The line containing "IMMO DE FRANCE" and every line after it, through the end of the records below, are to be reproduced exactly, with the pictures left out.

____ Supplied records

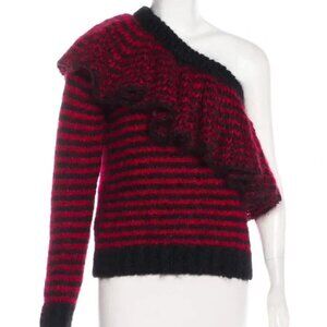 Philosophy di Lorenzo Serafini Red Black Ruffle Striped Mohair Sweater sz Small
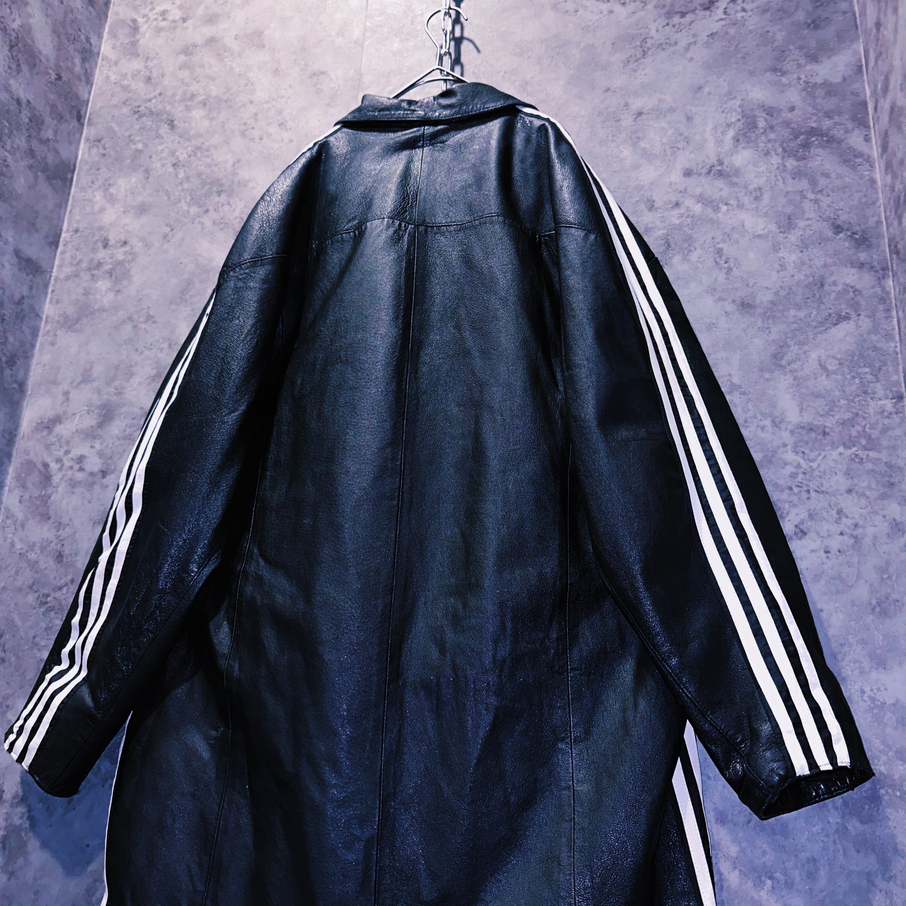 special "original re:make" three stripe design vintage leather coat three stripe edition
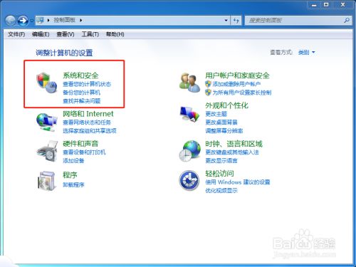1、首先需要建立一个还原点。打开节制面板,选择系统和平安。
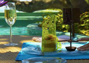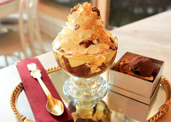 Se sirve en una copa llena de hojas de oro de 18 quilates y un brazalete de diamantes. Se come con una cucharada de oro macizo con incrustaciones de diamantes negros, blancos y color chocolate.
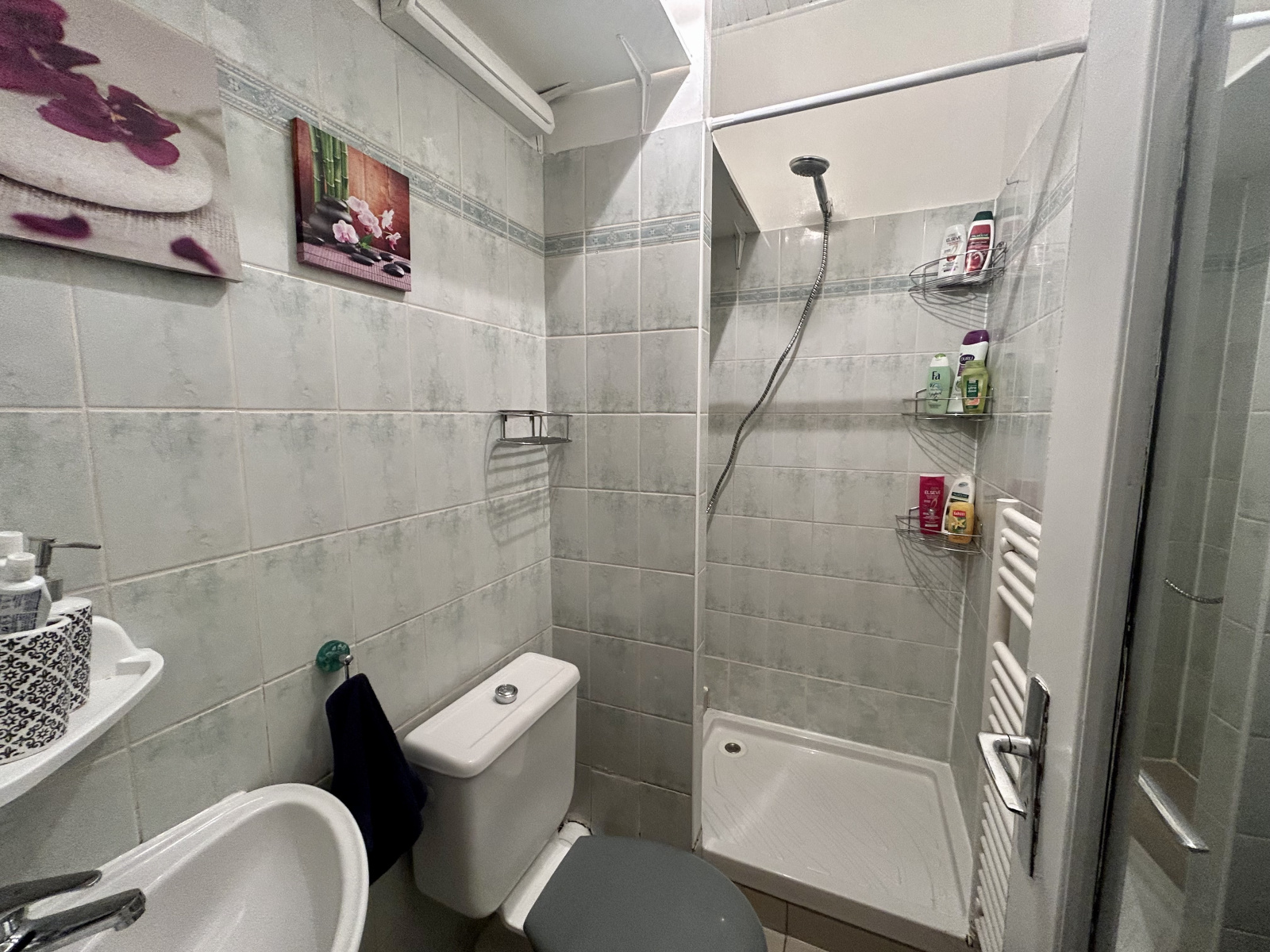 IMMO DE FRANCE vous propose un charmant appartement de type F2 situé au premier étage d'un immeuble d'une petite copropriété, comprenant une entrée, un séjour et sa cuisine ouverte, une chambre avec placards, une salle d'eau avec WC.
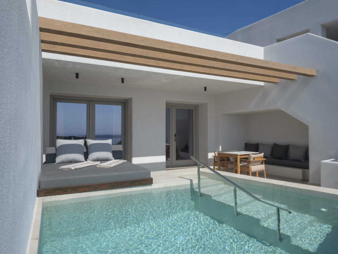 This cozy and attractive suite is ideal for guests who wish to enjoy their time here in eclectic style and endless, inspiring views of the Aegean Sea and the renown Santorini sunset. Enjoy a dazzling view of the sunset that you can enjoy from your veranda or while dipping in your private pool.
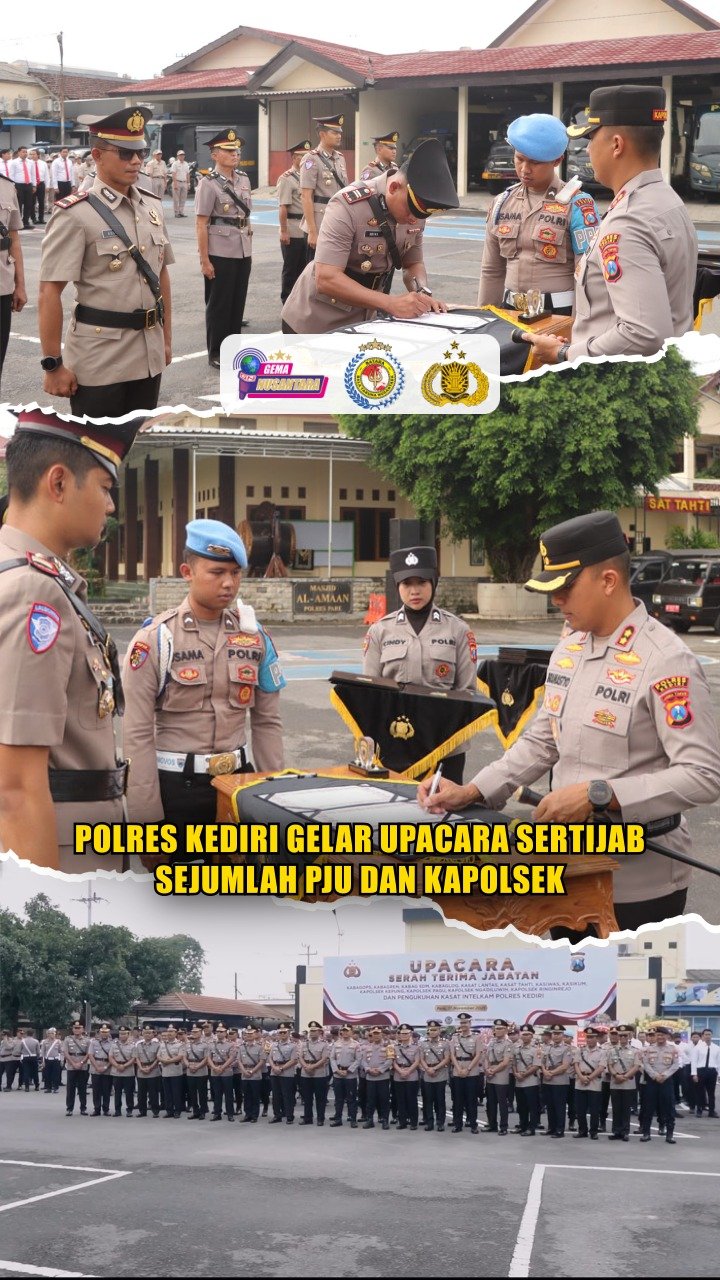 KEDIRI – Kapolres Kediri AKBP Bramastyo Priaji, S.H., S.I.K., M.Si., pimpin langsung upacara serah terima jabatan (sertijab) sejumlah Pejabat Utama dan Kapolsek jajaran, sekaligus pengukuhan Kasatintelkam Polres Kediri di lapangan apel Mapolres Kediri, Senin (17/11/2025). diikuti para PJU dan personel Polres Kediri serta Kapolsek jajaran.
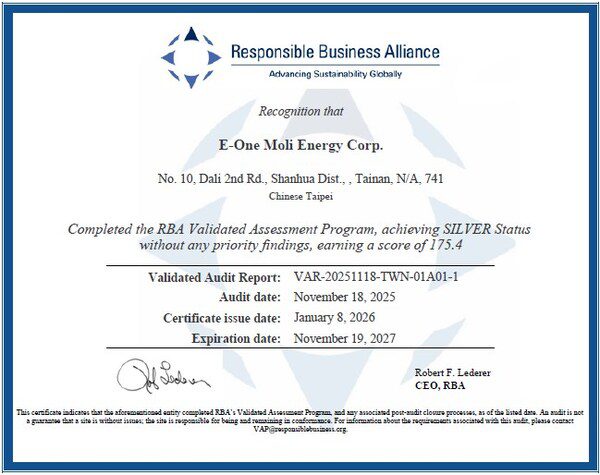 TAIPEI, 17 Maret 2026 /PRNewswire/ — Molicel mengumumkan, pabriknya resmi meraih Status Silver dari Responsible Business Alliance (RBA). Pengakuan bergengsi ini menjadi perkembangan penting dalam perjalanan Molicel menuju keberlanjutan global, serta menjadi pemimpin industri yang membangun rantai pasok yang etis.
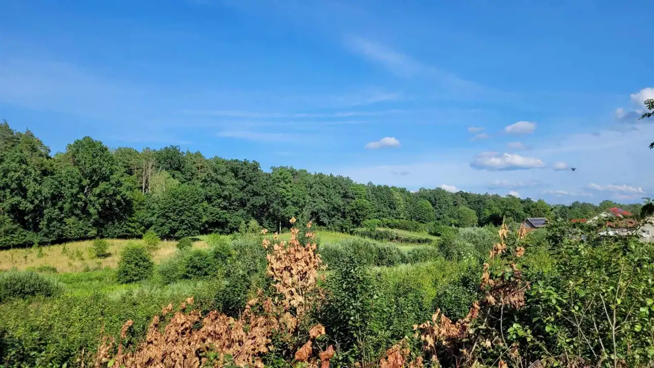 Działka jest o łącznej powierzchni 9 000m2 (w tym pod zabudowę o powierzchni 1 775 m2 oraz przynależną do niej działkę rolną pod lasem o powierzchni 7 225 m2).

________

__Task answer__.
 IMMO DE FRANCE vous propose un charmant appartement de type F2 situé au premier étage d'un immeuble d'une petite copropriété, comprenant une entrée, un séjour et sa cuisine ouverte, une chambre avec placards, une salle d'eau avec WC.
 This cozy and attractive suite is ideal for guests who wish to enjoy their time here in eclectic style and endless, inspiring views of the Aegean Sea and the renown Santorini sunset. Enjoy a dazzling view of the sunset that you can enjoy from your veranda or while dipping in your private pool.
 KEDIRI – Kapolres Kediri AKBP Bramastyo Priaji, S.H., S.I.K., M.Si., pimpin langsung upacara serah terima jabatan (sertijab) sejumlah Pejabat Utama dan Kapolsek jajaran, sekaligus pengukuhan Kasatintelkam Polres Kediri di lapangan apel Mapolres Kediri, Senin (17/11/2025). diikuti para PJU dan personel Polres Kediri serta Kapolsek jajaran.
 TAIPEI, 17 Maret 2026 /PRNewswire/ — Molicel mengumumkan, pabriknya resmi meraih Status Silver dari Responsible Business Alliance (RBA). Pengakuan bergengsi ini menjadi perkembangan penting dalam perjalanan Molicel menuju keberlanjutan global, serta menjadi pemimpin industri yang membangun rantai pasok yang etis.
 Działka jest o łącznej powierzchni 9 000m2 (w tym pod zabudowę o powierzchni 1 775 m2 oraz przynależną do niej działkę rolną pod lasem o powierzchni 7 225 m2).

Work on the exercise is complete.